Picture the scene: It’s February in Toronto, temperatures are hovering around -20c plus wind chill and a winter storm hits. You’re hunkered down watching a movie so you don’t care too much…until the power goes out.
An hour goes by, the power’s still off so you have no heat and the house is beginning to get a little colder. Fast forward a few hours and a water pipe in the house freezes and bursts. It’s going to cost thousands of dollars to repair all the water damage and get the burst pipe fixed. Not to mention the mess and stress…
This scenario plays out hundreds, or thousands of times every winter in Canada. But in a lot of cases, burst pipes inside your home can be avoided with one unbelievably simple trick:
Leave your faucets turned on just enough so there is a slow drip.
The water is then moving in the pipes rather than sitting, and is therefore much less likely to freeze – saving you from burst pipes, a ruined house and a repair bill into the thousands.
Note: You should only do this with the faucets inside your house – any outdoor taps should be drained and the water supply turned off in fall as part of your winter preparations, so there is no water in the pipe to cause a burst.

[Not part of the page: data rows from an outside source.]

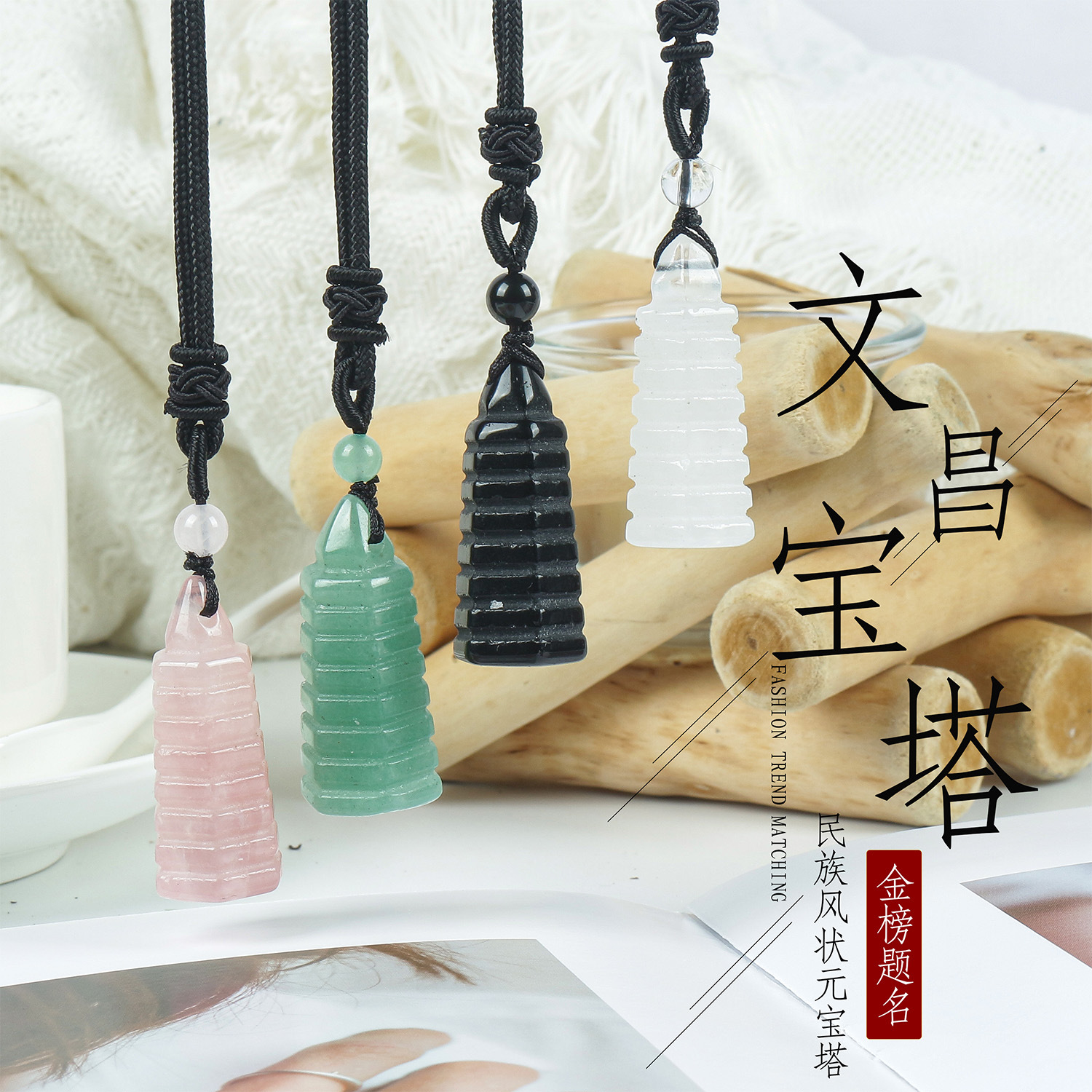 Hot-Selling Natural Crystal 9-Layer Wenchang Tower Pendant for Tourist Attractions, Ethnic Style Gold-Plated Wenchang Tower Necklace for Academic Success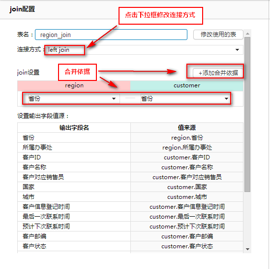 点击确定使用,进入join配置界面,在连接方式下拉框中可以选择不同的连接方式,这里使用默认的left join,合并依据为省份字段,如下图: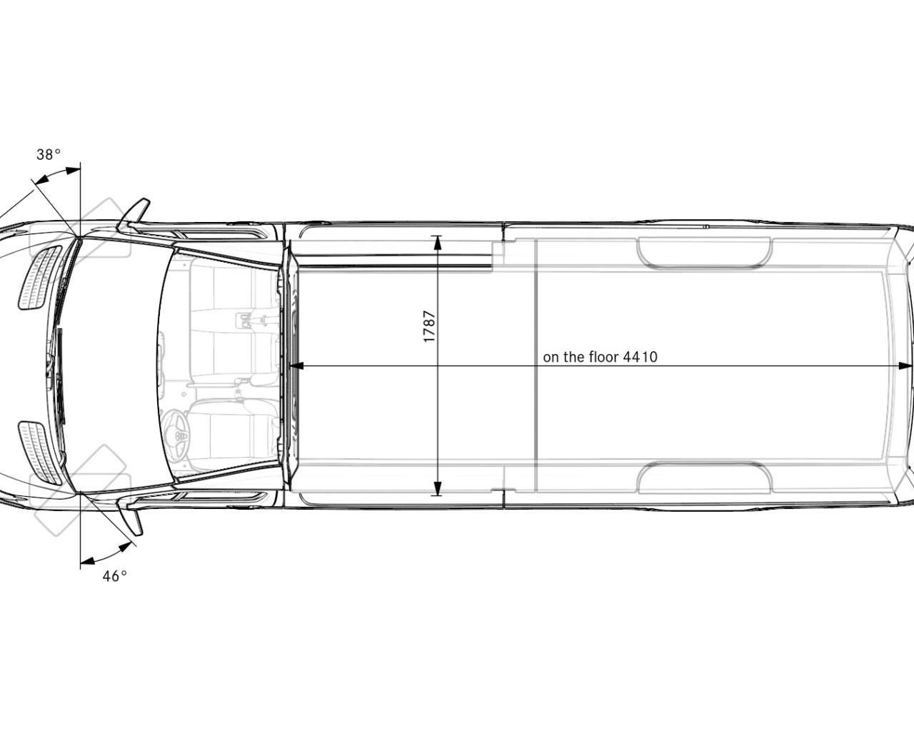- Rozvor 4325 mm, převis 1615 mm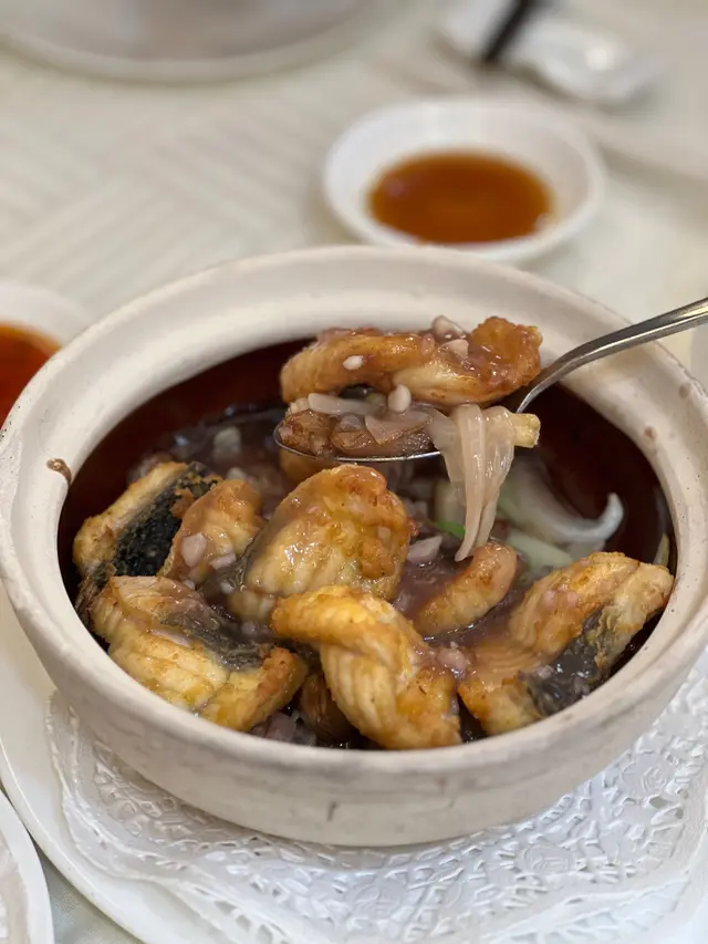忙足一星期,終於有時間歇一歇。坐地鐵到深水埗站,出站行五分鐘,就來到這間金豪酒家。幸好已預先訂位,等十分鐘,便能被安排入座,位置在角落,私人空間十足。不過,今日實在太多客人,環境有點嘈吵,閒聊近況也要略提聲量。點菜後,侍應姐姐很客氣地說:「今日比較多人,上菜可能有點慢,請耐心等候。」可能已經被期望管理了,又或是因為談得太開心,轉眼間,便上第一道菜。好味醬烤骨標榜是日本黑毛豬,非常軟熟,大大塊,上面又有原片菠蘿,配合得沒有油膩感。分量十足,三個人,每人也有三、四件。冰火鮮魷魚冰涼的魷魚條,配以火辣的醬汁,確有冰火交融,又冷又熱的感覺。椒鹽豆腐內軟外脆,熱辣辣的一口豆腐,使人吃不停口,要一口接一口。翡翠炒斑球大大片斑塊,軟熟得來有咬口,再配輕炒的西蘭花,簡直妙絕。豉油王中蝦去腳去鬚,如果有得去埋殼就更Perfect。金豪濃湯雞煲壓軸的,當然是這個招牌濃湯排翅!下鍋前,侍應會遞上一碟,原裝勁量的魚翅;濃郁的雞湯魚排翅,簡直是天衣無縫。…查看更多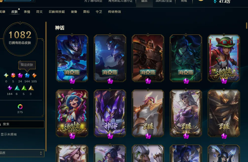 - 神话皮肤数量: 24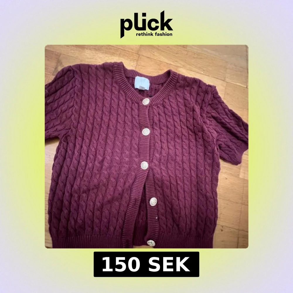 Säljer en vinröd kofta från H&M med flätstickat mönster och dekorativa knappar. Koftan har korta ärmar och ribbade kanter. Perfekt för en mysig höstlook. 🌟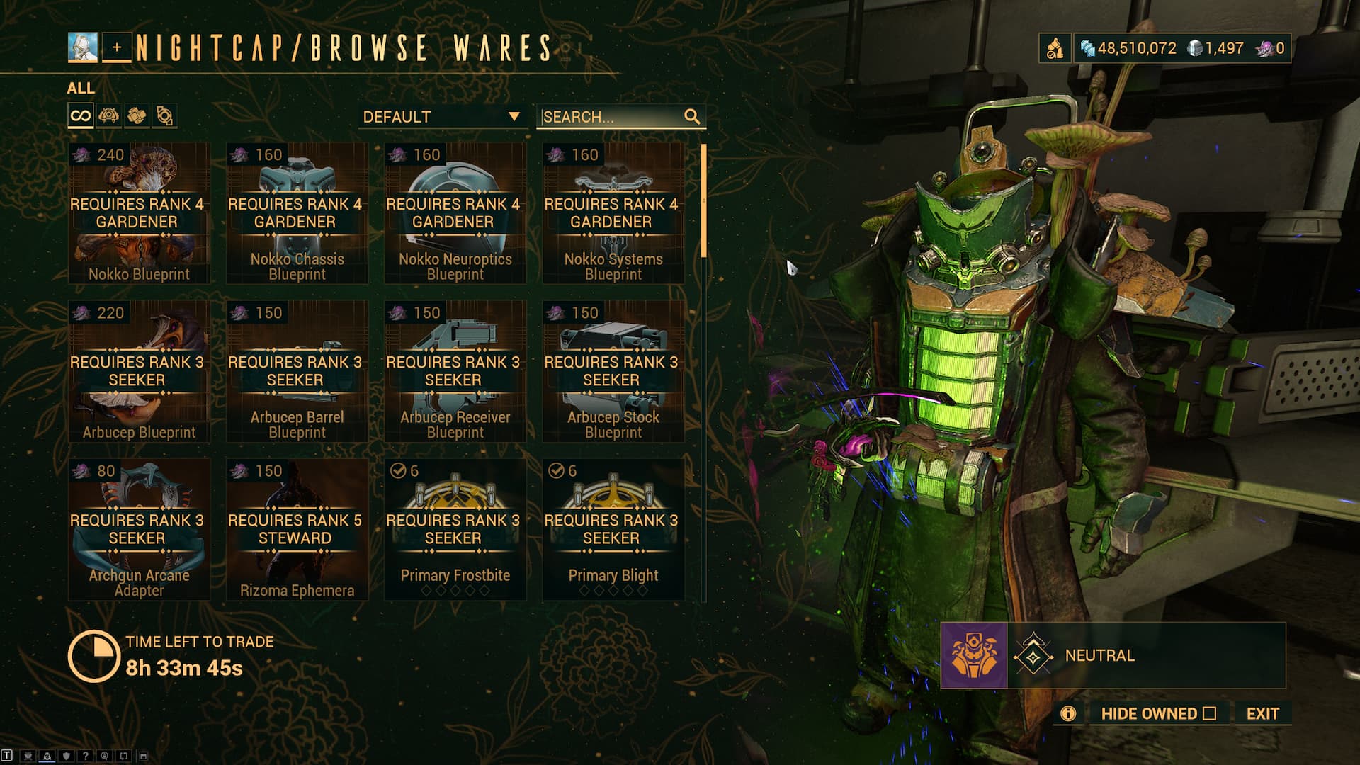 По мере повышения вашего статуса в Синдикате Nightcap, вы сможете приобретать детали, начиная с Ранга 4. Вы будете использовать Fergolyte для покупки этих деталей, и вы получаете Fergolyte за выполнение наград Nightcap.

If your water pipes have frozen, but not burst – open at least one of the faucets that the pipe leads to and start trying to thaw the frozen section of pipe immediately. As you’re thawing the pipe, the open faucet will allow any melting water to escape from the pipe.

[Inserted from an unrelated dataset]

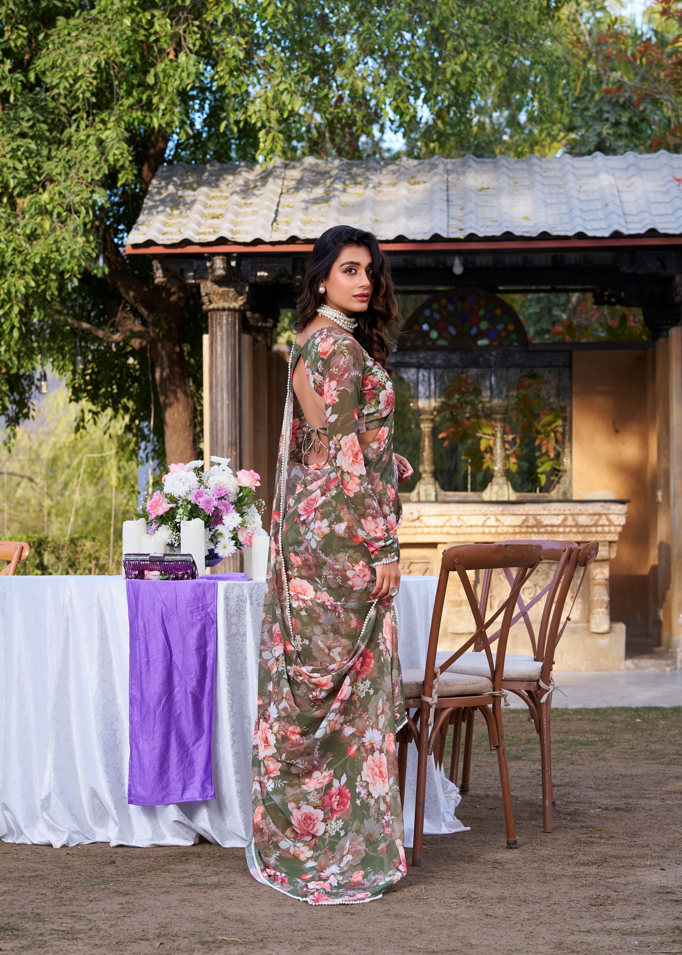 Mehendi Weightless Marble Print Saree with Pearl Lace Border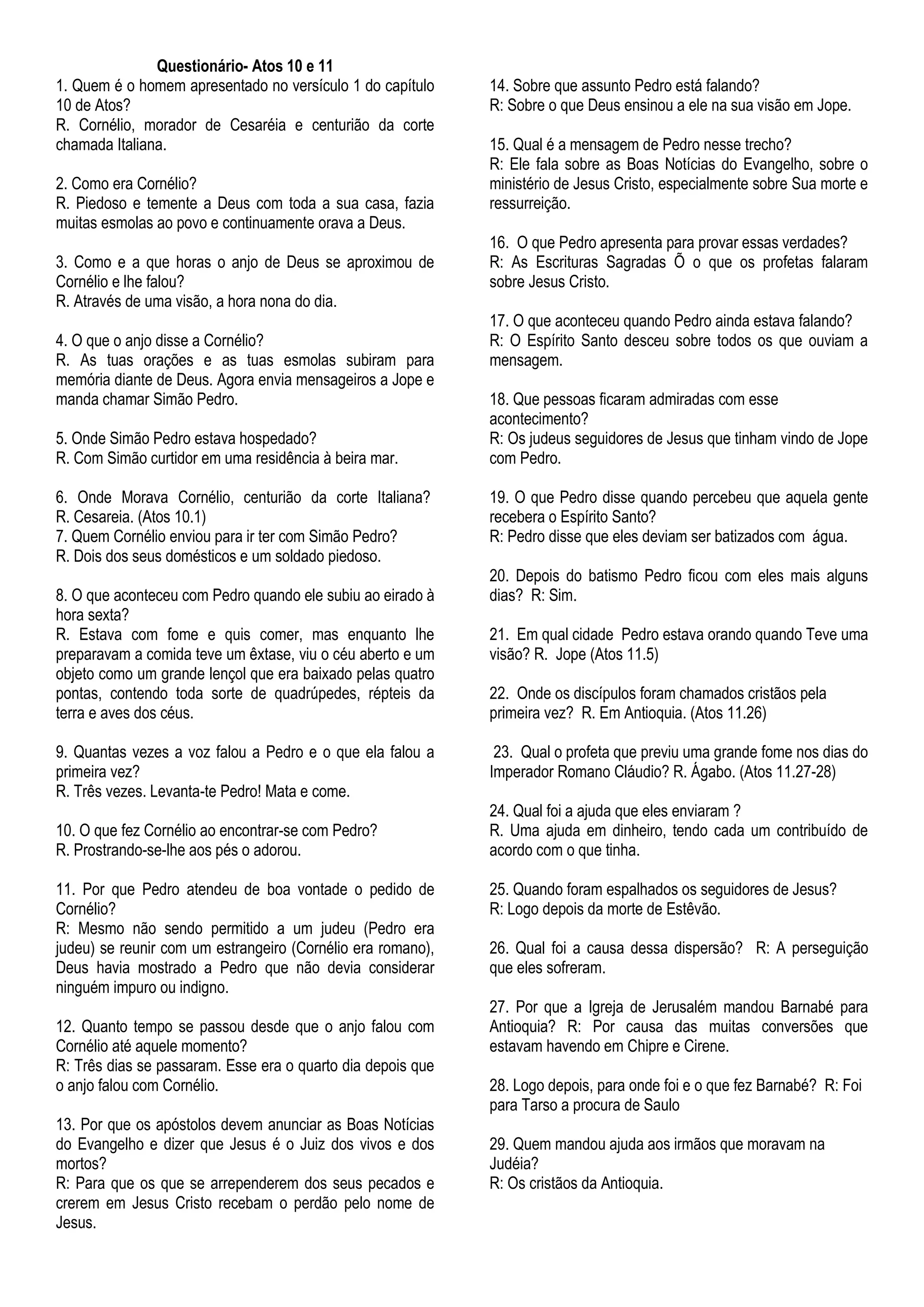 O documento resume um questionário sobre os capítulos 10 e 11 de Atos. Ele descreve Cornélio, um centurião romano piedoso que recebe uma visão para chamar Simão Pedro. Pedro então prega para Cornélio e sua família sobre Jesus, e o Espírito Santo desce sobre eles. Isso leva Pedro a concluir que Deus aceita também os gentios. O documento também discute a fome prevista por Ágabo e a ajuda enviada pela igreja de Antioquia.

Try these tricks to find the blocked frozen area in the pipe (if they don’t work, start thawing the pipe at the faucet, and work your way back along the pipe until the water is running again):
- Run your hand along the pipe, feeling for a particularly cold spot.

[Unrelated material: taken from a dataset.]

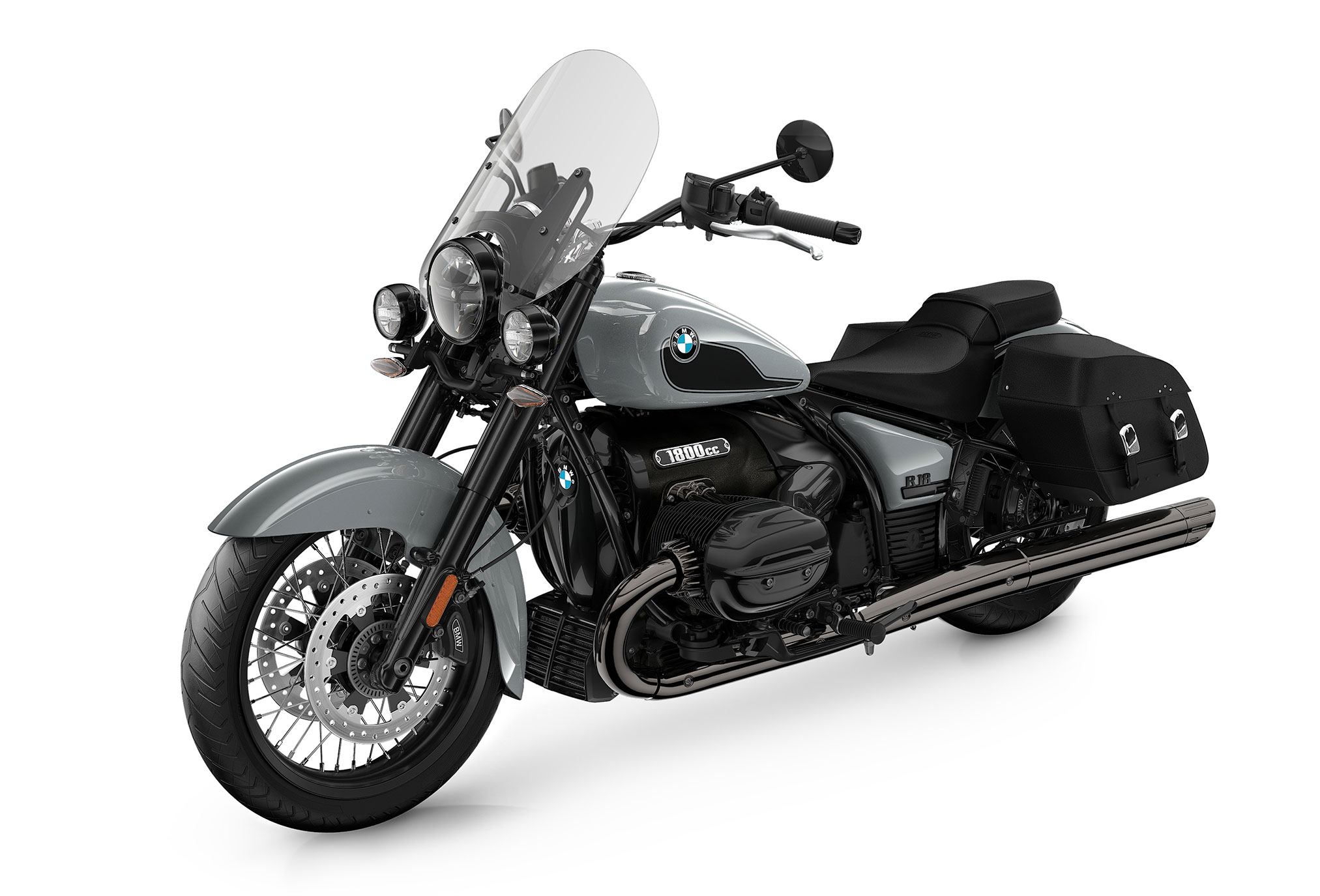 - Mineral Gray Metallic Matte – Optional finish with Silver powertrain, straight chrome exhaust, fork tube covers, spoked 19-inch / 16-inch wheels and R 18 B front fender.

- Look for any condensation or frost visible on the pipe.
- Run a thermometer along the pipe to find the coldest part.
- Run a damp cloth along the pipe until you see frost forming.
Using a handheld hair dryer on a “hot” setting or a heat gun, start warming the pipe at the side of the frozen area that’s closest to the faucet (again, so that melting water has an escape route). Keep the heat moving on an area of pipe – don’t just over-heat one tiny spot.
Do not use a gas torch or any sort of flame to heat the pipe – it will likely heat the ice/water too quickly which will cause steam. If the steam cannot escape due to further ice blockage in the pipe, it will burst the pipe – and could even injure you.
Other methods for thawing out a frozen pipe include wrapping a towel soaked with hot water around the pipe or using electrical heating tape around the pipe. If a pipe does burst, shut off the water supply immediately to avoid flood damage to your home as far as you can.
Bear in mind that froze pipes, like most other household things that go wrong, can be prevented with the proper household maintenance and preparation.
Before winter really gets going and temperatures plunge, inspect all of the plumbing pipes that lead into, out of or through the house. Any pipes that run through an unheated area – such as sump pump discharge pipes in the cold room, or water pipes that run against outside walls where they could be exposed to colder temperatures – should be properly insulated.
Dense foam pipe insulation is a good value solution, readily available from any DIY store and very easy to fit yourself. Your insulation needs will vary depending on your individual home and where you live in Canada, but the standard foam pipe insulation should be perfectly adequate in a relatively well-insulated home in southern Ontario.